July 18th Feige's Yancoin: Three consecutive releases of the US crypto bill + Retirement funds entering the market! BTC is strongly consolidating in anticipation of a breakout, ETH's main upward wave continues to lead altcoin rotation, with L2 and staking sectors becoming key areas for layout.
Technical Analysis:
BTC: On Monday, it surged and then retreated; on Tuesday, it dipped to 116K to build a support platform at this position. Currently, it has formed three consecutive small upward candles, and the overall trend is fully aligned with the recent research reports advocating for long positions at low levels. The current market is in a strong consolidation phase after reaching new highs, and the medium to long-term structure is completely in a bullish arrangement, with a clear trend of upward movement. If the subsequent market can continue to increase in volume and reach new highs, it will enter a new round of main upward waves. Looking at the 4-hour chart, the previously mentioned pressure at the 120K level is significant, with K-line repeatedly surging and retreating, showing a bit of weakness. Main capital is leaning towards Ethereum and altcoins. In terms of intra-day operations, the focus should be on the two support lines of 118K-116K for bullish opportunities.

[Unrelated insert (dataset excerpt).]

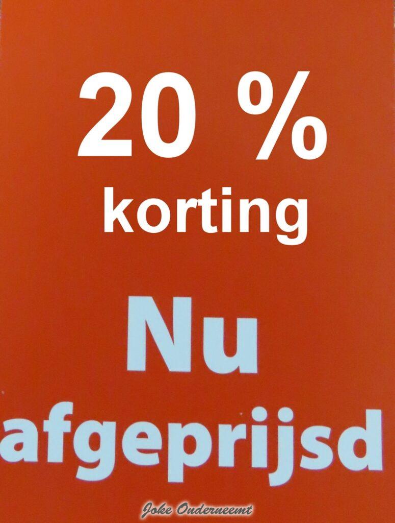 En als dat dan is gelukt, kun je nog extra geluk hebben want op alle artikelen met rode kaart krijgt u 20% korting!

ETH: The daily line has seen four consecutive days of increased volume and strong momentum, currently in the mid to late stage of the main upward wave. The characteristics of future increases mainly manifest as daily K-line patterns with surges followed by retreats, with long upper shadows on small upward candles. Current volume has broken through the average level of the past three months, with obvious signals of new capital entering. There are no significant upper shadows on the K-line during the upward movement, indicating light selling pressure and strong buying, which is characteristic of the mid-term upward phase. If capital continues to flow in, the target can be seen at 4000+ high levels. Looking at the 4-hour chart, the K-line is steadily moving upwards along the 7-day moving average, with adjustments returning to the 14-day moving average. For subsequent intra-day short-term trading, bullish sentiment can be focused around the 7-day moving average, using the 14-day moving average as a defense. Given the large intra-day volatility, positions should be appropriately reduced, and the replenishment range should be expanded to withstand market adjustments.